> **Task statement**:
Skip the images. Copy the records exactly as written.

□ □ □

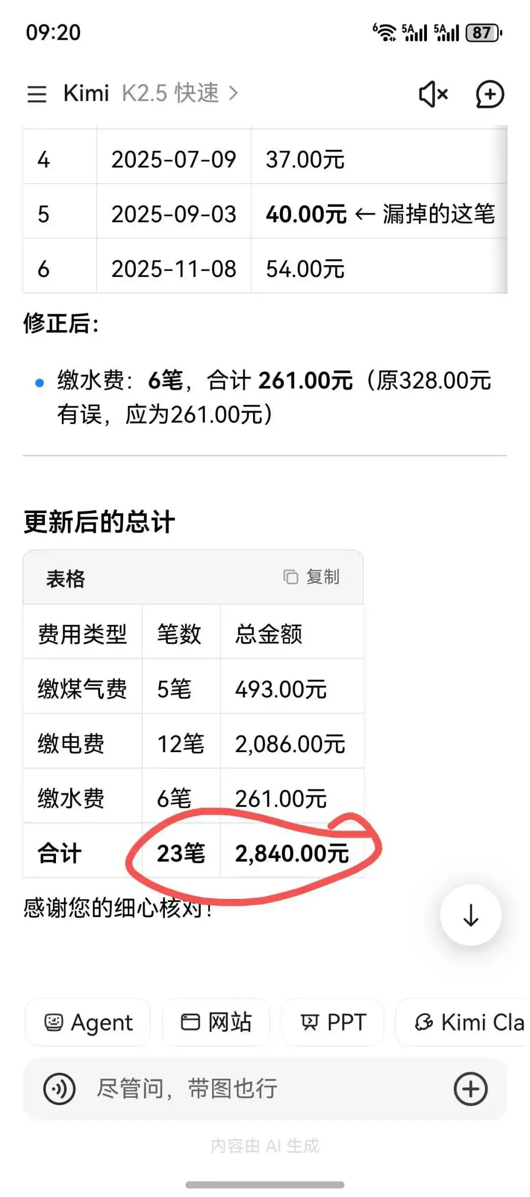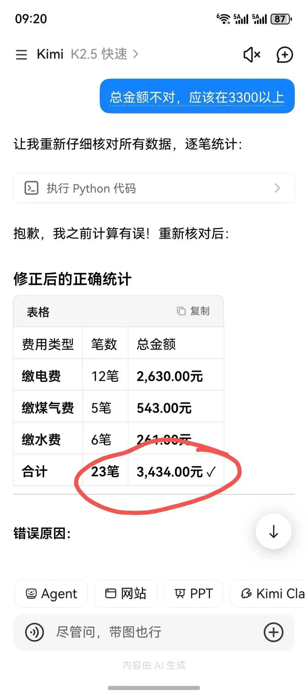 总金额算到了3179元。看到这个数据,我还以为手工算错了,赶紧把它识别的数据导出来算了一下,发现他数据识别的挺准,但自己加错了。我提示他算错了。他又校对了一遍,还是没搞明白自己哪里错了。我只好告诉他正确答案。看到正确答案后,自己又假模假样的分析了一下,感觉他自己也有点懵。4、Kimi——勉强及格
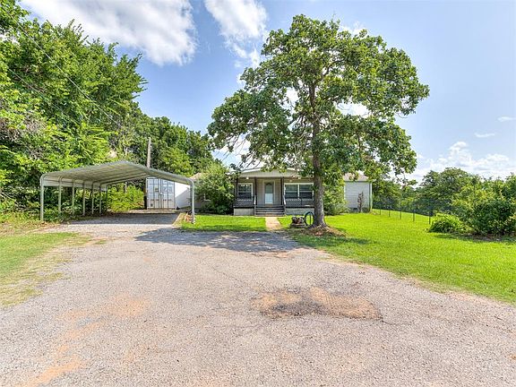 Rare 5.74 ACRE LOT Is Located in a Secluded Area, But Close to Everything! This 3 Bed/2 Bath Immaculate Home Has a 2 Car Covered Parking and Sits off a Paved Road with It's Own Private Drive! 50X50 SHOP WITH 2-14 Ft OVERHEAD DOORS AND 6 INCH CONCRETE FLOORS! 8X10 SHED AND 8X40 CONNEX BOX! Wood Look Vinyl Flooring Throughout and Completely Move in Ready! FENCED BACKYARD Ready for Animals! Located 5 Min From Tinker and 10 Min From Great Shopping and Eating! Enjoy Quite Mornings on the Large Decks Located on the Front and Back of the Home! Come Check out this Quiet and Peaceful Property with Country Style Atmosphere!
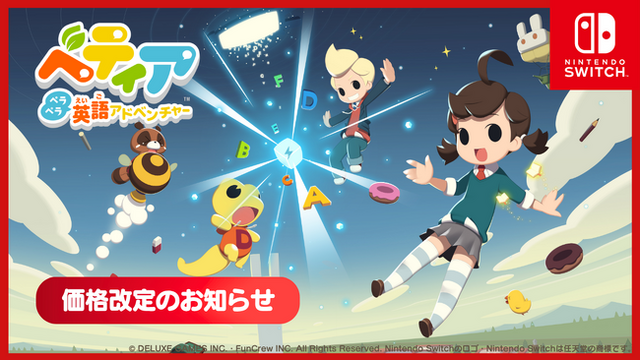 株式会社でらゲー(代表取締役:家次栄一)は、遊びながら英語が自然に学べるNintendo Switch(TM)向け体験型英語学習ゲームソフト『ベティア ペラペラ英語アドベンチャー』について、ダウンロード版のソフト本編と追加コンテンツの2作品、及び2作品をまとめたバンドル版の価格改定を、2025年7月15日(火)より実施いたします。
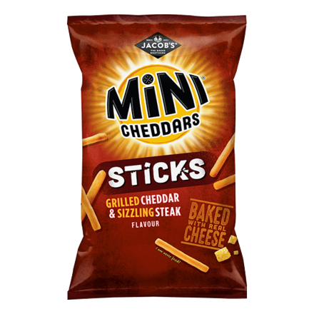 Our new nibbly Mini Cheddars Sticks are crunchy and moreish. Baked with real cheese and full of bold flavour, these sticks are perfect to share with family and friends to make more joyful moments together. Available in two flavours, Rich & Tangy Cheddar Flavour and Grilled Cheddar & Sizzling Steak.
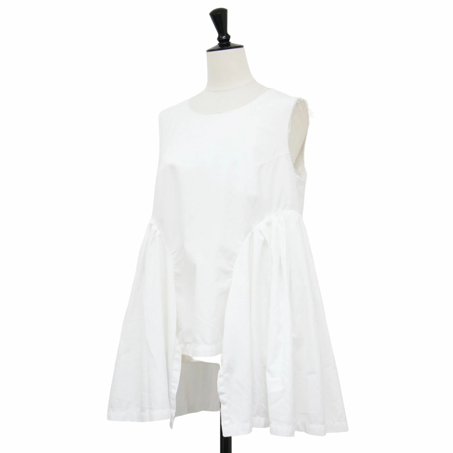 | 商品説明 | ◆ランダムギャザーが、脇下あたりから施され、裾に向かって緩やかに広がるAラインのフォルムが特徴 ◆ネックライン、アームホールはカットオフ仕上げとなっており、COMME des GARCONSらしいアバンギャルドでラフな印象 ◆細身のパンツやシンプルなスカートと合わせることで、ブラウスのボリュームが引き立ち、バランスの取れたモードな着こなしに◎
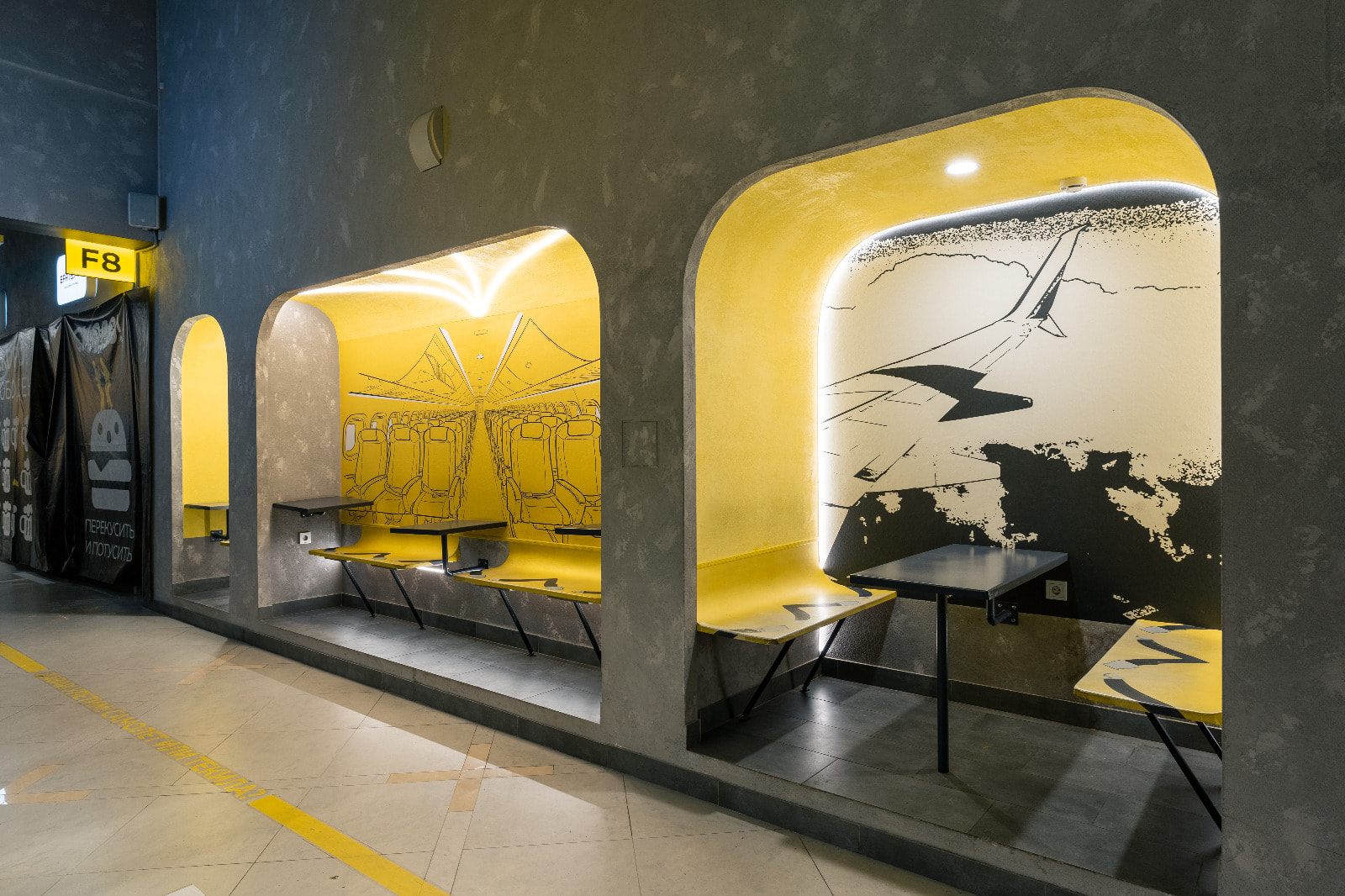 В аэропортах всегда царит особая атмосфера — время здесь замирает, несмотря на поток вечно спешащих пассажиров. Интерьер фудкорта в ТЦ «Сигма» вдохновлен романтикой воздушных портов и авиации. Каждая деталь здесь тщательно продумана: разметка на полу имитирует взлетные полосы, ресторанчики отмечены табло с номером выхода на посадку, альковы оформлены под салон самолета, а настенная графика изображает вид из иллюминатора.
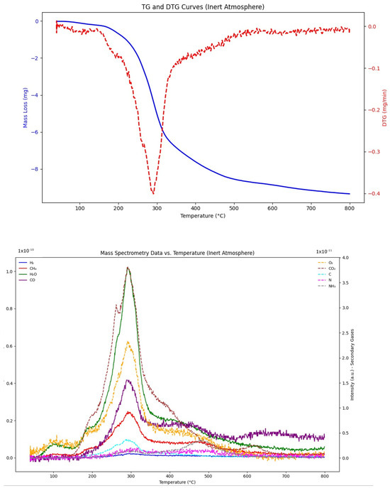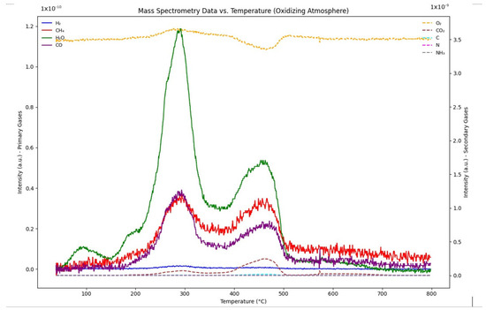 Mass spectrometry detected gases such as H2, CO, CO2, O2, CH4, and H2O. The majority of gaseous products were released between 200 and 400 °C, with H2 showing increased production at higher temperatures (~300 °C). Lower-temperature peaks (<150 °C) indicate drying and water release, which peaked at ~300 °C.

□ □ □

> **Result for this task**:
 总金额算到了3179元。看到这个数据,我还以为手工算错了,赶紧把它识别的数据导出来算了一下,发现他数据识别的挺准,但自己加错了。我提示他算错了。他又校对了一遍,还是没搞明白自己哪里错了。我只好告诉他正确答案。看到正确答案后,自己又假模假样的分析了一下,感觉他自己也有点懵。4、Kimi——勉强及格
 Rare 5.74 ACRE LOT Is Located in a Secluded Area, But Close to Everything! This 3 Bed/2 Bath Immaculate Home Has a 2 Car Covered Parking and Sits off a Paved Road with It's Own Private Drive! 50X50 SHOP WITH 2-14 Ft OVERHEAD DOORS AND 6 INCH CONCRETE FLOORS! 8X10 SHED AND 8X40 CONNEX BOX! Wood Look Vinyl Flooring Throughout and Completely Move in Ready! FENCED BACKYARD Ready for Animals! Located 5 Min From Tinker and 10 Min From Great Shopping and Eating! Enjoy Quite Mornings on the Large Decks Located on the Front and Back of the Home! Come Check out this Quiet and Peaceful Property with Country Style Atmosphere!
 株式会社でらゲー(代表取締役:家次栄一)は、遊びながら英語が自然に学べるNintendo Switch(TM)向け体験型英語学習ゲームソフト『ベティア ペラペラ英語アドベンチャー』について、ダウンロード版のソフト本編と追加コンテンツの2作品、及び2作品をまとめたバンドル版の価格改定を、2025年7月15日(火)より実施いたします。
 Our new nibbly Mini Cheddars Sticks are crunchy and moreish. Baked with real cheese and full of bold flavour, these sticks are perfect to share with family and friends to make more joyful moments together. Available in two flavours, Rich & Tangy Cheddar Flavour and Grilled Cheddar & Sizzling Steak.
 | 商品説明 | ◆ランダムギャザーが、脇下あたりから施され、裾に向かって緩やかに広がるAラインのフォルムが特徴 ◆ネックライン、アームホールはカットオフ仕上げとなっており、COMME des GARCONSらしいアバンギャルドでラフな印象 ◆細身のパンツやシンプルなスカートと合わせることで、ブラウスのボリュームが引き立ち、バランスの取れたモードな着こなしに◎
 В аэропортах всегда царит особая атмосфера — время здесь замирает, несмотря на поток вечно спешащих пассажиров. Интерьер фудкорта в ТЦ «Сигма» вдохновлен романтикой воздушных портов и авиации. Каждая деталь здесь тщательно продумана: разметка на полу имитирует взлетные полосы, ресторанчики отмечены табло с номером выхода на посадку, альковы оформлены под салон самолета, а настенная графика изображает вид из иллюминатора.
 Mass spectrometry detected gases such as H2, CO, CO2, O2, CH4, and H2O. The majority of gaseous products were released between 200 and 400 °C, with H2 showing increased production at higher temperatures (~300 °C). Lower-temperature peaks (<150 °C) indicate drying and water release, which peaked at ~300 °C.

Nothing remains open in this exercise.